__Description of the task__: Once the line holding "E廠【YC9571E】S92" is found in the entries below, transcribe exactly every line up to and including the one holding "这座建造于清光绪二十三年(1", but leave out the pictures.

__Supplied records__:
▬▬▬

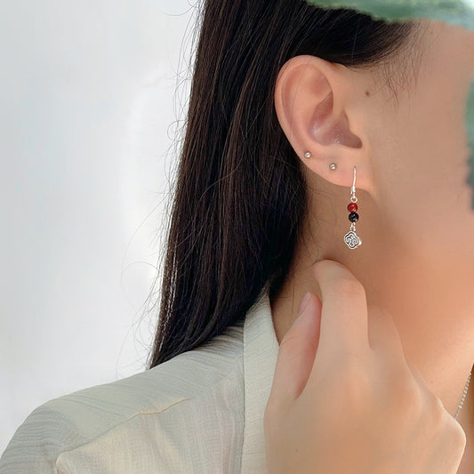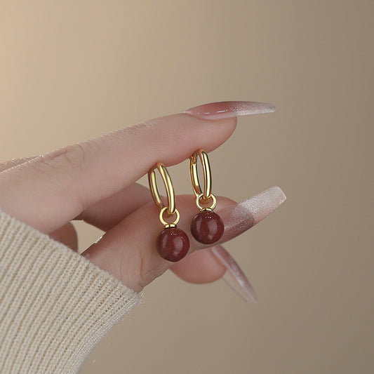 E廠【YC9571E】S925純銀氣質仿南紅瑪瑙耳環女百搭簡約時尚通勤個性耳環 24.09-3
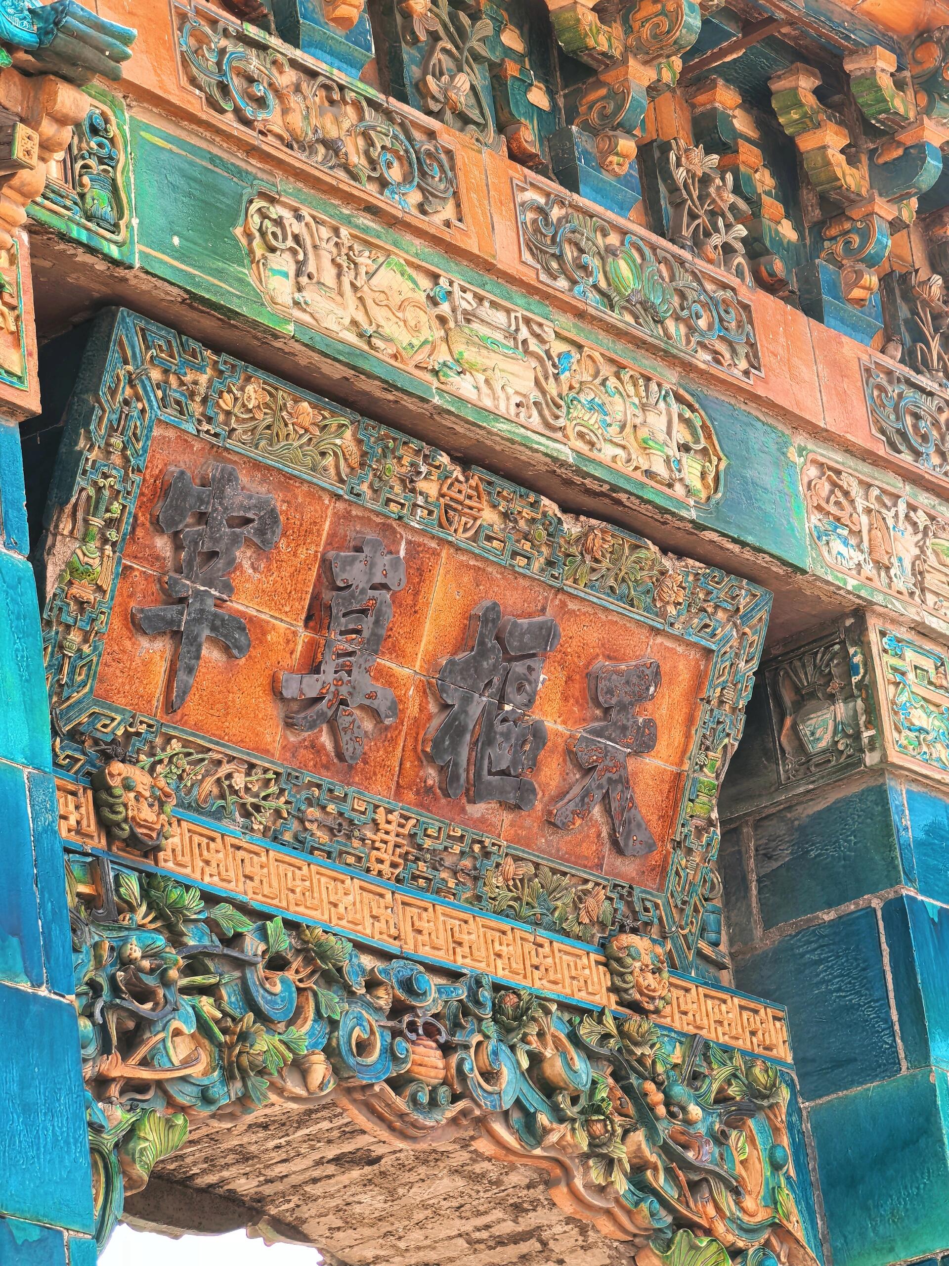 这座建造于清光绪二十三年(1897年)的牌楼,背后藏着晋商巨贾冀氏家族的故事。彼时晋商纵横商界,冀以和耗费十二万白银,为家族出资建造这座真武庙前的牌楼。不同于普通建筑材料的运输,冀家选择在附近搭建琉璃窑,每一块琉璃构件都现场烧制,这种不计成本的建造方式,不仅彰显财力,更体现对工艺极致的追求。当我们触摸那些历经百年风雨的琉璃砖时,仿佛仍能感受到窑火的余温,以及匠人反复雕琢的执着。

▬▬▬

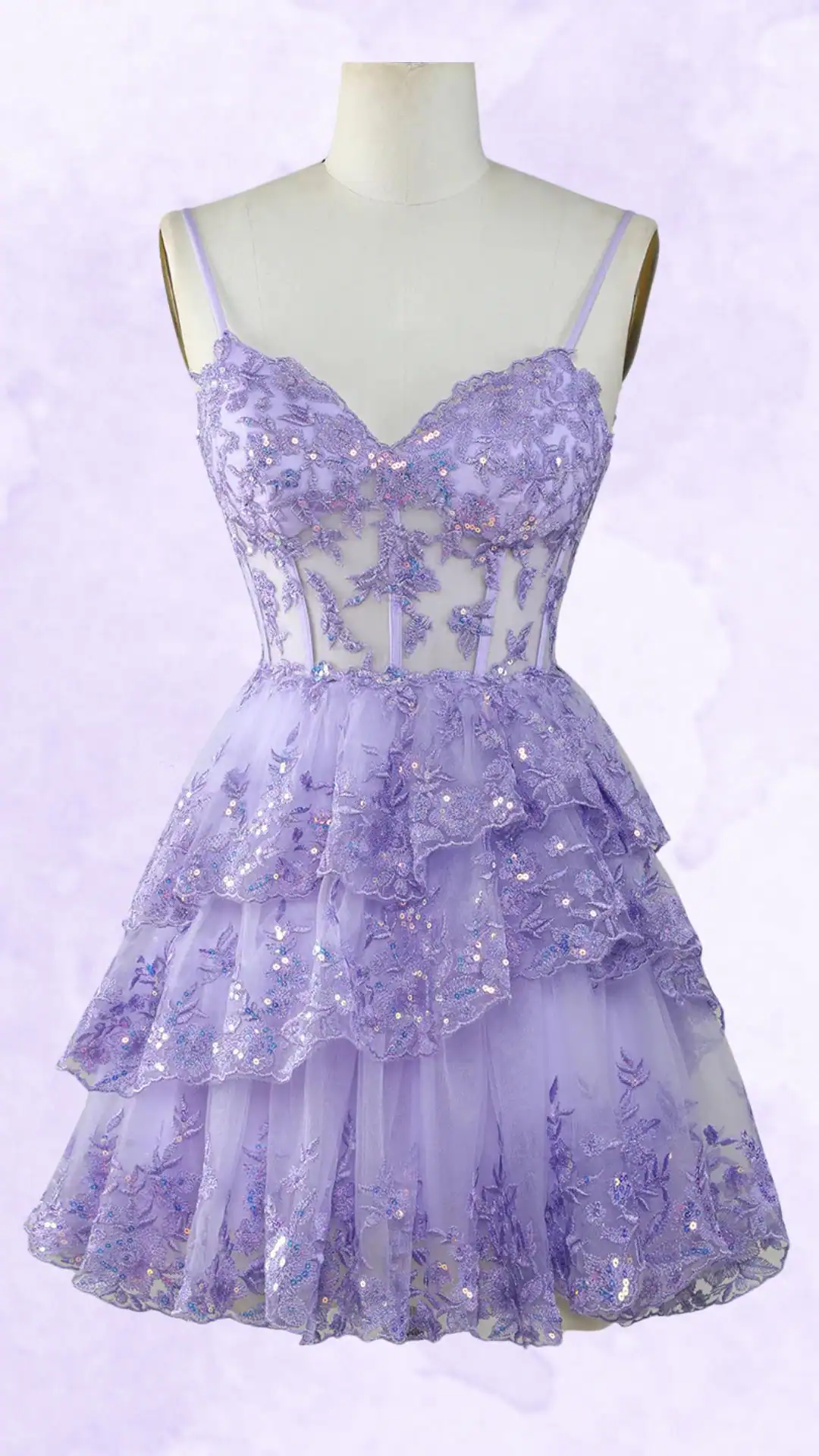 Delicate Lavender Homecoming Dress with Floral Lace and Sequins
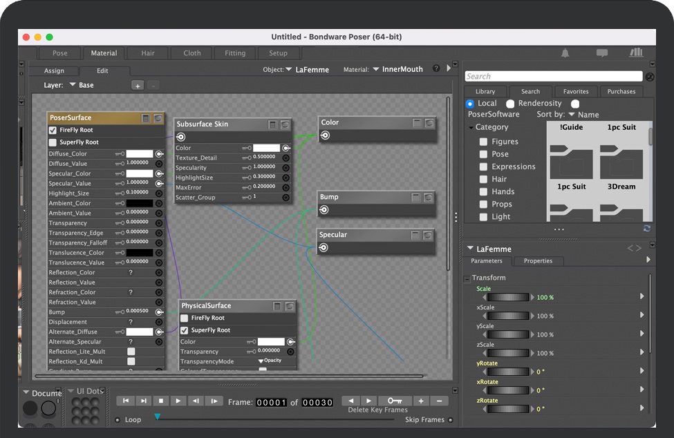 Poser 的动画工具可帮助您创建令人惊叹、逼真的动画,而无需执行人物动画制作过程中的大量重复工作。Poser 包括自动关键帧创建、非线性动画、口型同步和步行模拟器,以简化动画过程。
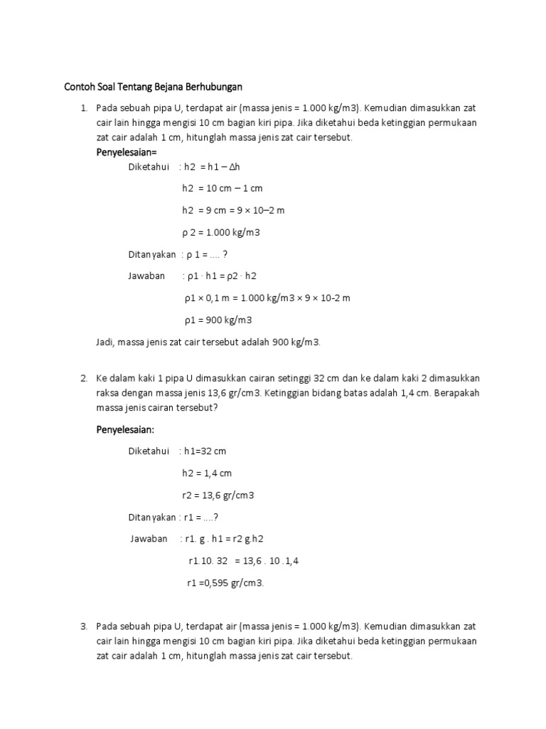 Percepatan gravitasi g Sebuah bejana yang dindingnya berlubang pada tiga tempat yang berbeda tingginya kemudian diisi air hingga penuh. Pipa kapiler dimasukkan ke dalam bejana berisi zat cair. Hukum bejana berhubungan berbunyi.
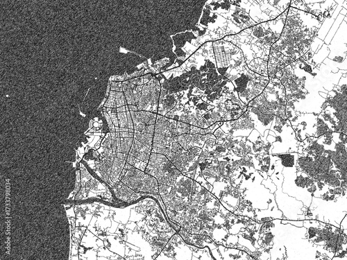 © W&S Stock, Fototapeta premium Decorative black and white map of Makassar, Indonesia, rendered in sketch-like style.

▬▬▬

__Solution for this task__:
 E廠【YC9571E】S925純銀氣質仿南紅瑪瑙耳環女百搭簡約時尚通勤個性耳環 24.09-3
 这座建造于清光绪二十三年(1897年)的牌楼,背后藏着晋商巨贾冀氏家族的故事。彼时晋商纵横商界,冀以和耗费十二万白银,为家族出资建造这座真武庙前的牌楼。不同于普通建筑材料的运输,冀家选择在附近搭建琉璃窑,每一块琉璃构件都现场烧制,这种不计成本的建造方式,不仅彰显财力,更体现对工艺极致的追求。当我们触摸那些历经百年风雨的琉璃砖时,仿佛仍能感受到窑火的余温,以及匠人反复雕琢的执着。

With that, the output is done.